# Quick Question -->



## the_skdster (Aug 15, 2006)

Can RBP's breed in a Sand Tank?
All the spawning I've heard of were done in gravel tanks.
Has anyone had success in a sand tank?
I would see it as a problem because sand moves relatively easily so the eggs would get covered over?
so then can I use this "cotton mop" method to substitute?
Someone please answer?


----------



## blackeye (Mar 9, 2006)

You have 9 baby Ps?


----------



## Leasure1 (Jul 24, 2006)

Dude. Your fish must be 6" or about 10 months old and extremly healthy and good water params to even begin to think about breeding. The earliest a male has been proven was 8 months. and a female at 10 months. These fish however were kept and raised in the best possible water conditions for maximum growth and health. You must provide a really good ecosystem for them to live in if you plan on breeding your fish in the next year. Good luck.


----------



## blackeye (Mar 9, 2006)

I give it 2 years


----------



## the_skdster (Aug 15, 2006)

Who ever said anything about breeding RIGHT NOW?
Can't a hobbyist ask a simple question and receive a simple answer?
You guys suck! <--naw, just kidding. You guys are alright.
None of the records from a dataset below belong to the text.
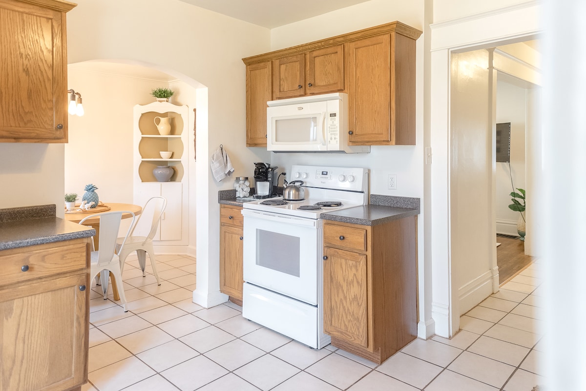 こちらの落ち着いた宿泊先で、ご家族一緒におくつろぎください。 または、このエリアで働きながら長期滞在を予約してください。 リバービューは2100平方フィートのデュプレックスです。 1950年代に建てられたこの建物は、時を遡るような雰囲気で、中世の魅力を保つために改装されました! 一番の魅力は素晴らしい眺めです。 このリバービューはデモイン川を見下ろす崖の上にあり、一年中美しいです! **暖炉は使用できません**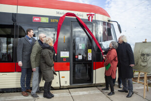 Gdańsk.Uroczystość nadania gdańskiemu tramwajowi imienia Piotra Dwojackiego.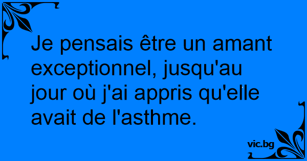 Je pensais être un amant exceptionnel, jusqu'au jour où j'ai appris qu'elle avait de l'asthme.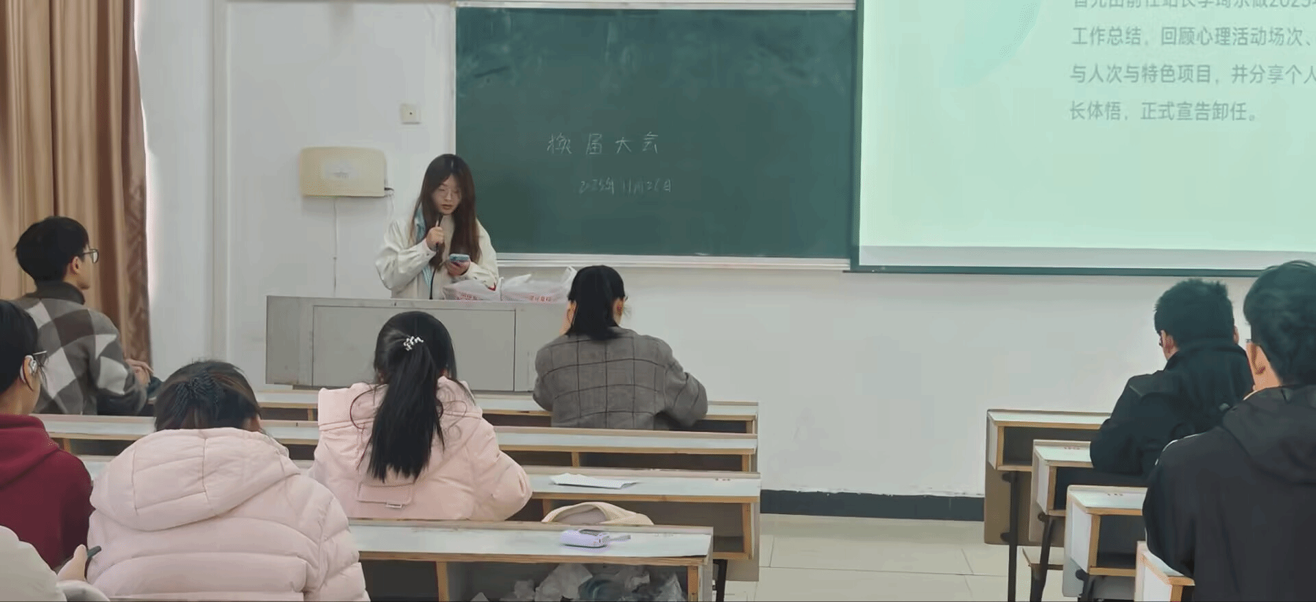 大会伊始,主持人致开幕词,详细介绍了到场嘉宾,并阐明了本次换届大会对于心理站传承发展的重要意义,拉开了大会的序幕。随后,前任站长李琦乐上台作 2025 年工作总结及卸任演讲。她全面回顾了过去一年心理站在心理健康知识普及、特色活动开展等方面取得的丰硕成果,同时客观指出了工作中存在的不足,并对新成员寄予殷切期望,希望大家能坚守初心,续写心理站的精彩篇章。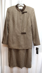 Vintage - Kasper ASL - 2 PC Brown Wool Blend Mandarin Collar Skirt Suit - Size 8 (W/ Original Tags)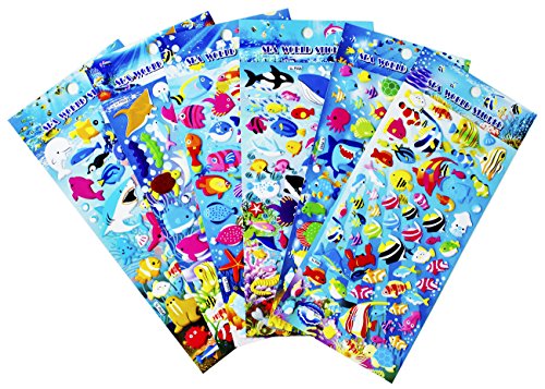 Happy Underwater Sea World Stickers 6 Sheet with Angelfish, Sharks, Starfish, Hippocampus - PVC Ocean Foam Fish Stickers for Kids - 240 Stickers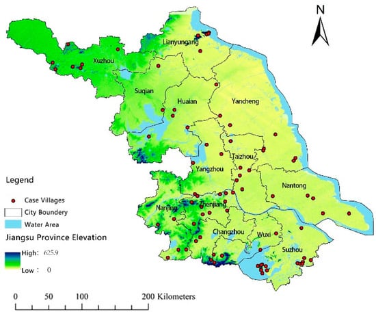 Firstly, Jiangsu is a highly urbanized coastal economic province, and the urbanization rate of the resident population in Jiangsu Province has reached 74.42%, placing it among the top three in China. As a representative highly urbanized region of the Yangtze River Delta and China, Jiangsu is experiencing a more intense rate and magnitude of urban expansion. Thus, its unique livelihood industry, agricultural landscape, demographic composition, and regional characteristics of traditional villages are under serious threat. Still, the industrial and economic capital accumulated through rapid urbanization can support the region’s pioneering efforts in green transformation. This research sample in Jiangsu will be of great value for solving the problems of sustainable rural development, promoting the sustainable use of ecological resources, civilization inheritance, talent and creativity cultivation, and the continuation of national memory in rural areas [].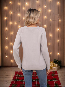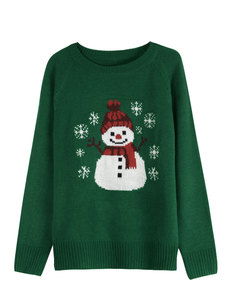 欧美秋冬新款跨境亚马逊圣诞节毛衣圣诞可爱雪人刺绣套头针织衫女
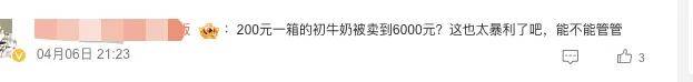 「200元一箱的初牛奶被賣到6000元?這也太暴利了吧,能不能管管」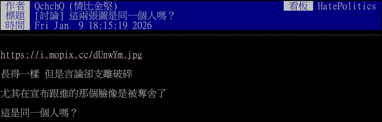 ※ 文章網址: https://webptt.com/m.aspx?n=bbs/HatePolitics/M.1767957516.A.C58.html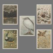 Theo van Hoytema (1863-1917), vogels, vijf litho's in lijst, alle gemonogrammeerd in de druk, 16 × 21 cm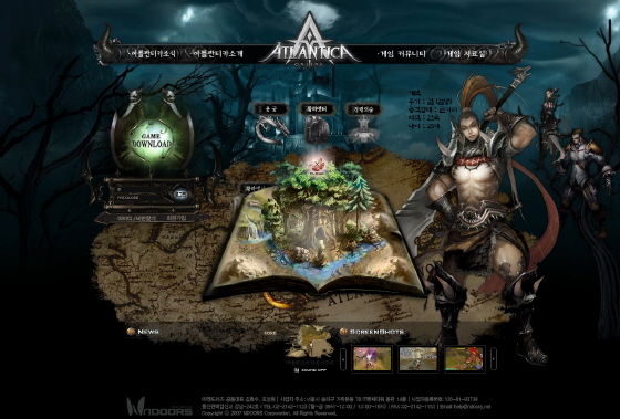 메인 홈으로 들어가면, 전체적으로 어두운 톤으로 처리되어 신비스러우면서도 전투의 비장함이 묻어나는 장엄한 분위기가 연출되며, 세계 지도 위에 주인공이 한양에서 출발하여 상하이, 프놈팬, 카이로, 모스크바, 마드리드 등 세계 각국을 거쳐 아틀란티스를 찾아가는 동선을 표시했다.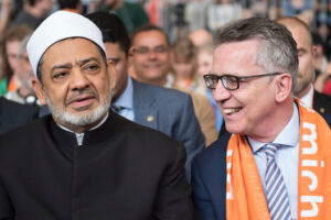37. Das Bild spricht Bände: De Maiziere will sich beim Obermufti anbiedern, doch dieser blicket strenge, weil der den dösigen Ungläubigen nicht für voll nimmt.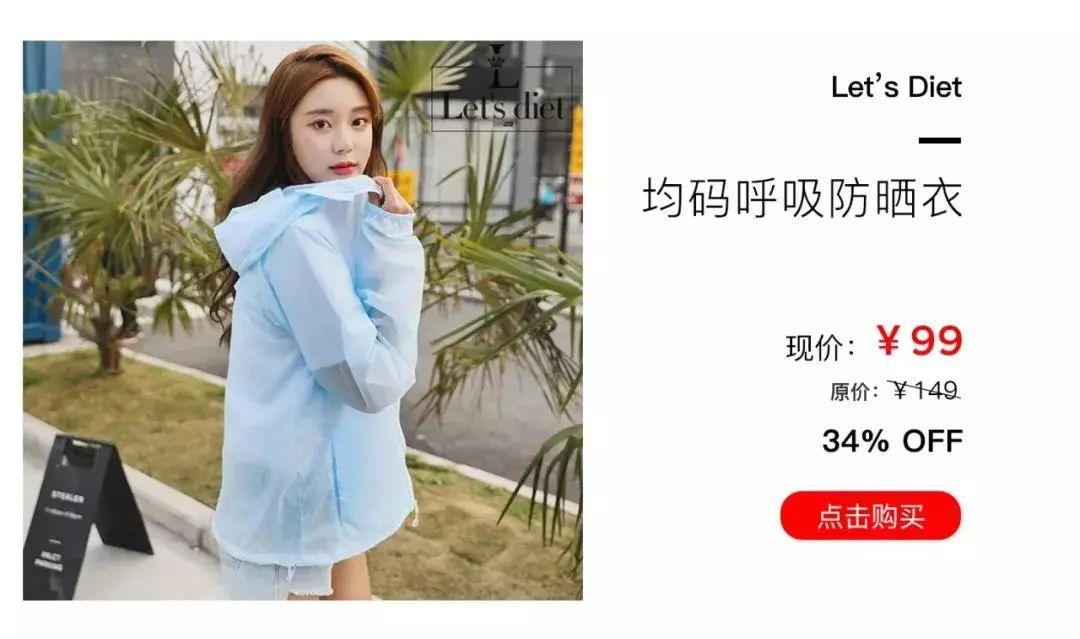 這次品牌也是給到了專屬折扣,平時(shí)149的防曬衣直降至99,直接降了三分之一,劃算!

*about the water conditions. I'll figure out the ph/hardness that I need later.
*an Eheim 2217 and an ac110/500 is sufficient enough filtration, no? Over 700gph turnover right there. Plus I will do weekly water changes.


----------



## itstheiceman (Oct 5, 2006)

yeah, he was only asking ABOUT breeding, not saying his 1 1/2" p's are breeding, just a simple question


----------



## the_skdster (Aug 15, 2006)

itstheiceman said:


> yeah, he was only asking ABOUT breeding, not saying his 1 1/2" p's are breeding, just a simple question


Thank you.








Atleast some people read entire posts before posting.








naw, you guys probably had a rough day is all.

*please don't sic your P's on me... NOOOOOO!*


----------



## misterjose (Jul 31, 2006)

lol. . .


----------